J Urol. 2008; Amory JK, Anawalt BD, Matsumoto AM, Page ST. Department of Medicine, University of Washington, Seattle, Washington, USA.
Because androgens affect bone, lipids, hematopoiesis, prostate and sexual function, we determined the impact of 5alpha-reductase inhibitors on these end points. We conducted a randomized, double-blinded, placebo controlled trial of 99 men 18 to 55 years old randomly assigned to receive 0.5 mg dutasteride, 5 mg finasteride or placebo daily for 1 year. Bone mineral density was measured at baseline, after 1 year of treatment and 6 months after drug discontinuation. In addition, markers of bone turnover, fasting serum lipoprotein concentrations, hemoglobin and prostate specific antigen were measured. Significant suppression of circulating dihydrotestosterone levels with the administration of dutasteride or finasteride did not significantly affect bone mineral density or markers of bone metabolism. Similarly serum lipoproteins and hemoglobin were unaffected. Serum prostate specific antigen and self-assessed sexual function decreased slightly during treatment with both 5alpha-reductase inhibitors but returned to baseline during followup. Suppression of circulating serum dihydrotestosterone induced by 5alpha-reductase inhibitors during 1 year does not adversely impact bone, serum lipoproteins or hemoglobin, and has a minimal, reversible effect on serum prostate specific antigen. Circulating dihydrotestosterone does not appear to have a clinically significant role in modulating bone mass, hematopoiesis or lipid metabolism in normal men.

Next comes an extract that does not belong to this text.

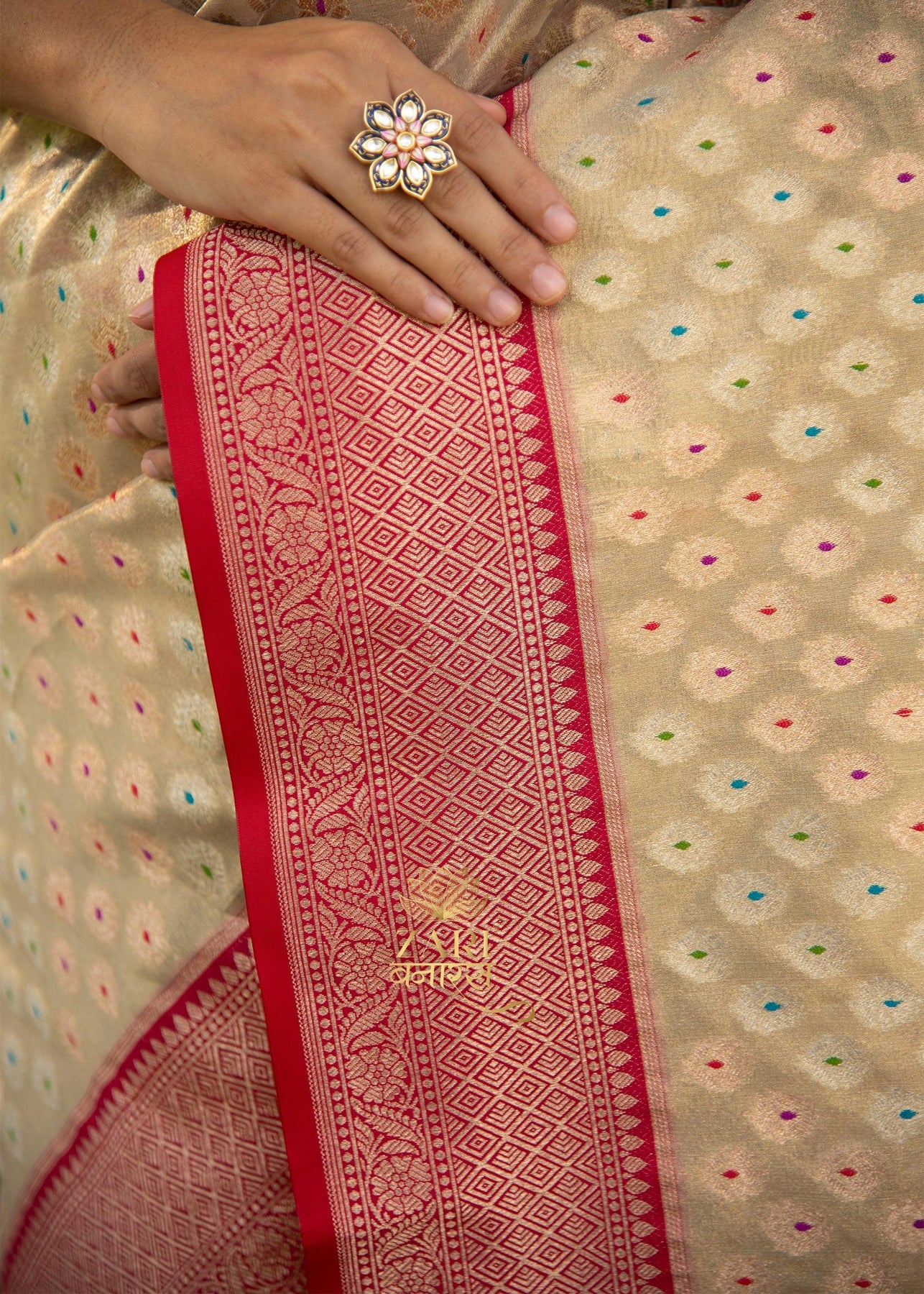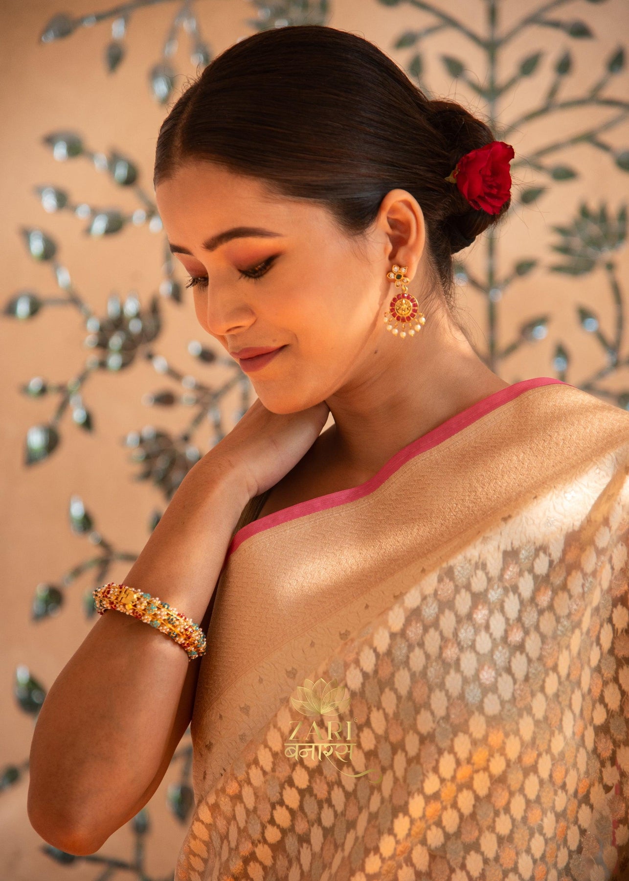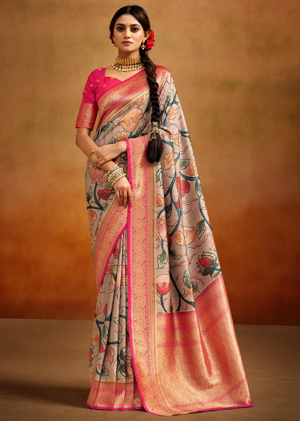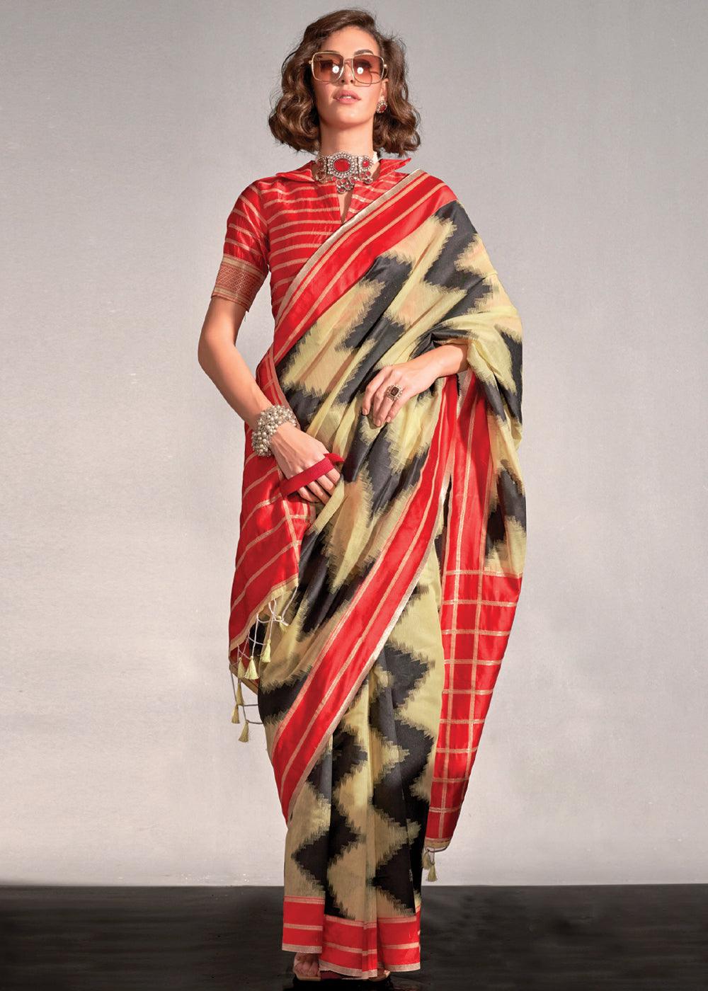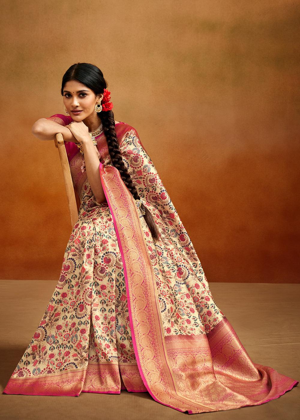 Incredible Satin Crepe Beige Color Saree With Contrast Blouse

Deficiency in male pseudohermaphrodites
Male pseudohermaphroditism involves 5alpha-reductase deficiency. This is an autosomal recessive form of partial male pseudohermaphroditism where there is a deficiency of the type 2 form of the enzyme 5 alpha-reductase.
Hirsute women and 5alpha-reductase
Hirsute women often have increased activity of 5alpha-reductase, the enzyme that converts the androgen testosterone to its active metabolite, in hair follicles.
Acne and alopecia in
Effect of finasteride 5 mg Proscar on acne and alopecia in female patients with normal serum levels of free testosterone.
Gynecol Endocrinol. 2007.
In some women with acne or alopecia who have normal serum levels of free testosterone, no clinical improvement can be reached by the classical treatment with antiandrogens, isotretinoids or corticosteroids. Our hypothesis is that some of these women have an excessive activity of the enzyme 5alpha-reductase. We evaluated the subjective benefit of the treatment with finasteride (5 mg/day) in women with normal serum levels of free testosterone suffering from acne or alopecia. Nine of the 12 patients benefited from the finasteride treatment, their symptoms decreased significantly and they felt better psychologically than before the administration of finasteride. The other three patients did not benefit at all from finasteride and reported no change in the extent of the acne or alopecia. Nine of the 12 patients benefited from the finasteride treatment. This supports our hypothesis of an excessive activity of 5alpha-reductase enzyme in peripheral tissue in these patients. The fact that three of the patients did not realize any change in their symptom severity implies that there must also be other pathways in the genesis of acne and alopecia in women with normal levels of free testosterone.
I am curious if you are aware of any research -- specifically in men -- involving natural progesterone cream as a natural 5 alpha-reductase inhibitor. I have seen this suggestion elsewhere, and wonder if it is a sensible one.
I doubt natural progesterone cream has this effect.